CNS mechanisms of alcohol self-administration.

Neurochemical and neuropharmacological studies were undertaken to examine the possible involvement of the ventral tegmental area (VTA) dopamine (DA) system and the dorsal raphe nucleus (DRN) serotonin (5-HT) system in regulating oral alcohol self-administration. In vivo microdialysis studies demonstrated that either i.p. ethanol administration (1.0-2.0 g/kg) or local perfusion with ethanol (100 mM) could enhance the extracellular concentrations of both DA and 5-HT in the nucleus accumbens (ACB). Furthermore, the effects of local perfusion with ethanol on DA release in the ACB could be blocked by co-perfusion with a 5-HT3 antagonist. In the selectively-bred alcohol preferring P line of rats, there appears to be abnormal 5-HT and/or DA systems in certain limbic structures, i.e., ACB, olfactory tubercles (OTU) and medial prefrontal cortex (MPF).

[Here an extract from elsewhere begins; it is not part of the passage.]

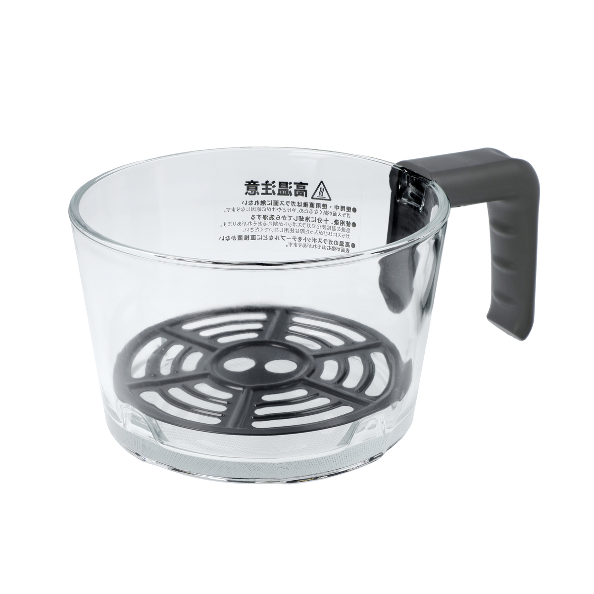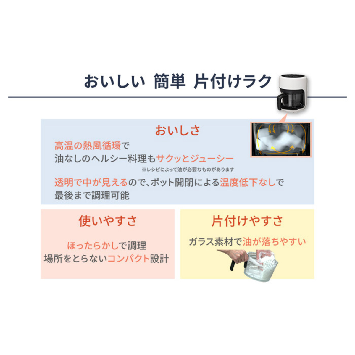 透明のガラスポットなので外から食材の状態がわかり、ポット開閉による温度低下が起こらずに最後まで調理ができます。ポットはガラス素材なので油汚れも落としやすく、後片付けもラクに。タッチパネルで操作も簡単。天面はフラットなのでお手入れもしやすくなっています
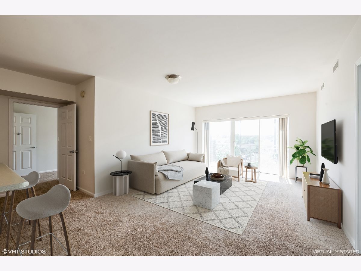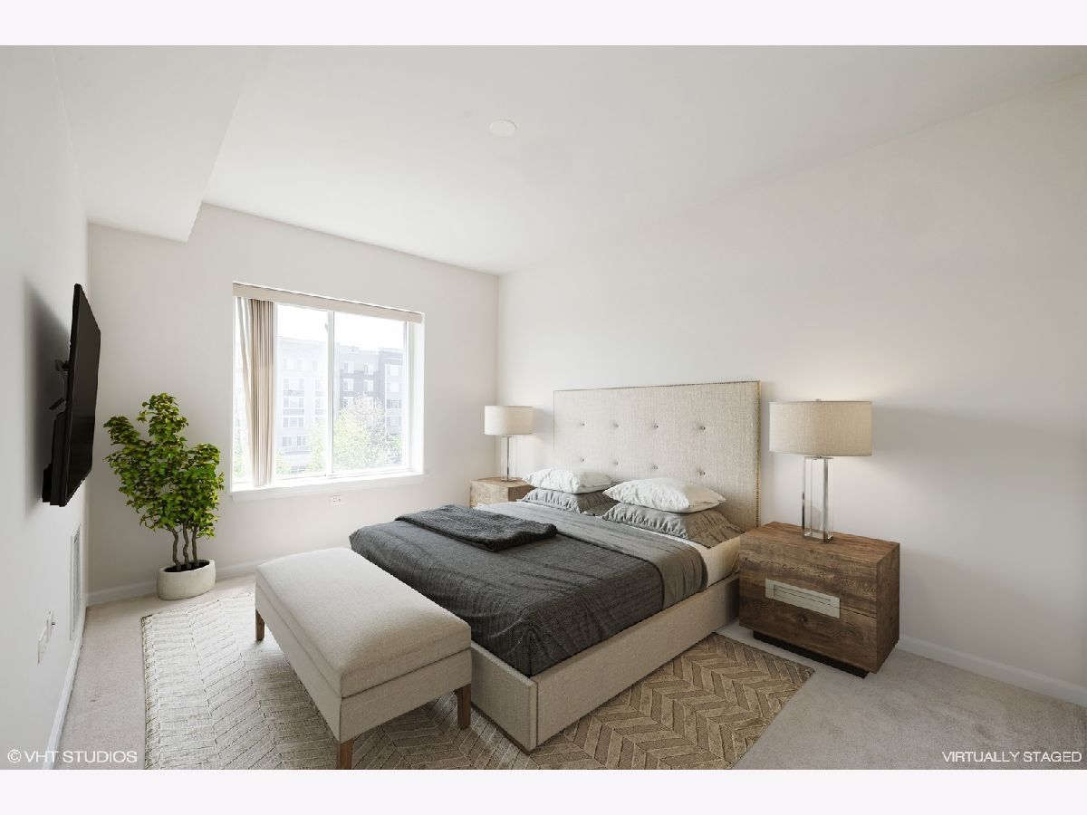 Available now, TOP FLOOR unit in the 55+ adult community of Autumn Green Condominiums. Just built in 2005 this low maintenance, elevator building has heated garage parking and additional exterior parking available. The freshly painted home features 2 bedrooms and 2 bathrooms, in-unit laundry, a primary bathroom with walk-in shower, open floor plan, large kitchen with island, large private balcony with unobstructed views facing the courtyard - you can even see the city skyline at a distance! All in the convenient location of the Chicago Harwood Heights/Dunning neighborhood. Close proximity to O'Hare, access to 90, walk to stores and restaurants.

This is indicated by (a) lower contents of DA and 5-HT; (b) fewer 5-HT immunostained fibers; (c) lower densities of 5-HT1B, 5-HT2 and D2 receptors; and (d) higher densities of 5-HT1A receptors in the CNS of P rats compared to the alcohol-nonpreferring NP line of rats. Neuropharmacological studies demonstrated that local microinfusion of the D2 antagonist, sulpiride, or, at low doses, the DA releaser, d-amphetamine, could increase alcohol drinking by P rats. Intracranial self-administration (ICSA) studies showed that the P line of rats, but not the NP line, will self-administer 50-150 mg% ethanol directly into the VTA. Overall, these results suggest an innate abnormal functioning of the VTA DA and DRN 5-HT systems may be key factors facilitating the rewarding actions of ethanol in the CNS of P rats.